Records excerpted from a collection:
_ _ _ _

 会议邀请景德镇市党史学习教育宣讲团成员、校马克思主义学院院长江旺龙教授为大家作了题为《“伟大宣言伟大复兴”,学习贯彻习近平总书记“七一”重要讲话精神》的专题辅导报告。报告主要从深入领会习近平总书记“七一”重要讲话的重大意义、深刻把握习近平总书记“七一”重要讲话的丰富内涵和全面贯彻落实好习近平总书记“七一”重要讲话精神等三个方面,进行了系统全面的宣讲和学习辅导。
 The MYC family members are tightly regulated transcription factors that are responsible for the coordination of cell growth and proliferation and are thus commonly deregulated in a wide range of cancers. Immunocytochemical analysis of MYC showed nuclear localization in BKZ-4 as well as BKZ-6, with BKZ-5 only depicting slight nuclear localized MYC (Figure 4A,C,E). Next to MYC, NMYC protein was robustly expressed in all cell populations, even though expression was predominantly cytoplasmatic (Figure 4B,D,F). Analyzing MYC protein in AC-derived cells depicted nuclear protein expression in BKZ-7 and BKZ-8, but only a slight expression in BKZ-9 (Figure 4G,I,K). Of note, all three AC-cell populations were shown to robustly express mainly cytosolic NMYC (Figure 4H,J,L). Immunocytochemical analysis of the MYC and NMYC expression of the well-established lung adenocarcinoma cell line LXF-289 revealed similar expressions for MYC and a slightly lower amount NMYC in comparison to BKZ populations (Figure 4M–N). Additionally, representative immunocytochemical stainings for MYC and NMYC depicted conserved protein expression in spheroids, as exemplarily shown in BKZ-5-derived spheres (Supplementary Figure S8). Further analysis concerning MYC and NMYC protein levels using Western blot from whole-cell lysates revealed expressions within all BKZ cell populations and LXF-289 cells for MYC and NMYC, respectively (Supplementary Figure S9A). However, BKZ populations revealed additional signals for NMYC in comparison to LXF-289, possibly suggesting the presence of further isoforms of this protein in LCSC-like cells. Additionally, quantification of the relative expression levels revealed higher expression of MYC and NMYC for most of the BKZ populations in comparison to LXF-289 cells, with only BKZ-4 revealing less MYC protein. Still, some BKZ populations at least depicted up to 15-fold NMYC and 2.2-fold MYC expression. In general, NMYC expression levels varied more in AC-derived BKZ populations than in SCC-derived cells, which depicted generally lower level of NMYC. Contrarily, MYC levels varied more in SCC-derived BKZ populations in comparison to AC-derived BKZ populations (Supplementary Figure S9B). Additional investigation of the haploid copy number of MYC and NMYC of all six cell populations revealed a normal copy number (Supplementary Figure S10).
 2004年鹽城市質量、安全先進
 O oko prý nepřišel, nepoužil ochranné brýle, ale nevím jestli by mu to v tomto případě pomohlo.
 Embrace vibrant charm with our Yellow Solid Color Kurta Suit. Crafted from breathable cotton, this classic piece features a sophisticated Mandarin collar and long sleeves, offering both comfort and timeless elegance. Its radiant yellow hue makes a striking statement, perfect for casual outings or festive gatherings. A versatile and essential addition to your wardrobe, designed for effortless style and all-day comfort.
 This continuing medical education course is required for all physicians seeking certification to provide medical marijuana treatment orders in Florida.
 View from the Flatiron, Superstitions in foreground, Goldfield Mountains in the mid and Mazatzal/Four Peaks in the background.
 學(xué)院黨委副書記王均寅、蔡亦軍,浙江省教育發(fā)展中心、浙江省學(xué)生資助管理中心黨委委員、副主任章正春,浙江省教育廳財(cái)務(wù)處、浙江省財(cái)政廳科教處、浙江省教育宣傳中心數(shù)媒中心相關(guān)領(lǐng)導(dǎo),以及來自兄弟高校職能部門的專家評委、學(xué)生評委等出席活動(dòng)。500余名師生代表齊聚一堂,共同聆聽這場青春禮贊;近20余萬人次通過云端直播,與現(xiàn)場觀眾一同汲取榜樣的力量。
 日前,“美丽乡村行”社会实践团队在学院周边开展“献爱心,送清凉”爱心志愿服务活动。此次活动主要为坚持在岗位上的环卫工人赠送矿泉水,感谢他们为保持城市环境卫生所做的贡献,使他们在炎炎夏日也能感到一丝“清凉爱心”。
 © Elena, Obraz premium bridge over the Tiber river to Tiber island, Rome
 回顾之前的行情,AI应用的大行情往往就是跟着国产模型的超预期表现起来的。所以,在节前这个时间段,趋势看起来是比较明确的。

_ _ _ _

TASK ITEM
Please set down all of the records exactly.

ANSWER
 会议邀请景德镇市党史学习教育宣讲团成员、校马克思主义学院院长江旺龙教授为大家作了题为《“伟大宣言伟大复兴”,学习贯彻习近平总书记“七一”重要讲话精神》的专题辅导报告。报告主要从深入领会习近平总书记“七一”重要讲话的重大意义、深刻把握习近平总书记“七一”重要讲话的丰富内涵和全面贯彻落实好习近平总书记“七一”重要讲话精神等三个方面,进行了系统全面的宣讲和学习辅导。
 The MYC family members are tightly regulated transcription factors that are responsible for the coordination of cell growth and proliferation and are thus commonly deregulated in a wide range of cancers. Immunocytochemical analysis of MYC showed nuclear localization in BKZ-4 as well as BKZ-6, with BKZ-5 only depicting slight nuclear localized MYC (Figure 4A,C,E). Next to MYC, NMYC protein was robustly expressed in all cell populations, even though expression was predominantly cytoplasmatic (Figure 4B,D,F). Analyzing MYC protein in AC-derived cells depicted nuclear protein expression in BKZ-7 and BKZ-8, but only a slight expression in BKZ-9 (Figure 4G,I,K). Of note, all three AC-cell populations were shown to robustly express mainly cytosolic NMYC (Figure 4H,J,L). Immunocytochemical analysis of the MYC and NMYC expression of the well-established lung adenocarcinoma cell line LXF-289 revealed similar expressions for MYC and a slightly lower amount NMYC in comparison to BKZ populations (Figure 4M–N). Additionally, representative immunocytochemical stainings for MYC and NMYC depicted conserved protein expression in spheroids, as exemplarily shown in BKZ-5-derived spheres (Supplementary Figure S8). Further analysis concerning MYC and NMYC protein levels using Western blot from whole-cell lysates revealed expressions within all BKZ cell populations and LXF-289 cells for MYC and NMYC, respectively (Supplementary Figure S9A). However, BKZ populations revealed additional signals for NMYC in comparison to LXF-289, possibly suggesting the presence of further isoforms of this protein in LCSC-like cells. Additionally, quantification of the relative expression levels revealed higher expression of MYC and NMYC for most of the BKZ populations in comparison to LXF-289 cells, with only BKZ-4 revealing less MYC protein. Still, some BKZ populations at least depicted up to 15-fold NMYC and 2.2-fold MYC expression. In general, NMYC expression levels varied more in AC-derived BKZ populations than in SCC-derived cells, which depicted generally lower level of NMYC. Contrarily, MYC levels varied more in SCC-derived BKZ populations in comparison to AC-derived BKZ populations (Supplementary Figure S9B). Additional investigation of the haploid copy number of MYC and NMYC of all six cell populations revealed a normal copy number (Supplementary Figure S10).
 2004年鹽城市質量、安全先進
 O oko prý nepřišel, nepoužil ochranné brýle, ale nevím jestli by mu to v tomto případě pomohlo.
 Embrace vibrant charm with our Yellow Solid Color Kurta Suit. Crafted from breathable cotton, this classic piece features a sophisticated Mandarin collar and long sleeves, offering both comfort and timeless elegance. Its radiant yellow hue makes a striking statement, perfect for casual outings or festive gatherings. A versatile and essential addition to your wardrobe, designed for effortless style and all-day comfort.
 This continuing medical education course is required for all physicians seeking certification to provide medical marijuana treatment orders in Florida.
 View from the Flatiron, Superstitions in foreground, Goldfield Mountains in the mid and Mazatzal/Four Peaks in the background.
 學(xué)院黨委副書記王均寅、蔡亦軍,浙江省教育發(fā)展中心、浙江省學(xué)生資助管理中心黨委委員、副主任章正春,浙江省教育廳財(cái)務(wù)處、浙江省財(cái)政廳科教處、浙江省教育宣傳中心數(shù)媒中心相關(guān)領(lǐng)導(dǎo),以及來自兄弟高校職能部門的專家評委、學(xué)生評委等出席活動(dòng)。500余名師生代表齊聚一堂,共同聆聽這場青春禮贊;近20余萬人次通過云端直播,與現(xiàn)場觀眾一同汲取榜樣的力量。
 日前,“美丽乡村行”社会实践团队在学院周边开展“献爱心,送清凉”爱心志愿服务活动。此次活动主要为坚持在岗位上的环卫工人赠送矿泉水,感谢他们为保持城市环境卫生所做的贡献,使他们在炎炎夏日也能感到一丝“清凉爱心”。
 © Elena, Obraz premium bridge over the Tiber river to Tiber island, Rome
 回顾之前的行情,AI应用的大行情往往就是跟着国产模型的超预期表现起来的。所以,在节前这个时间段,趋势看起来是比较明确的。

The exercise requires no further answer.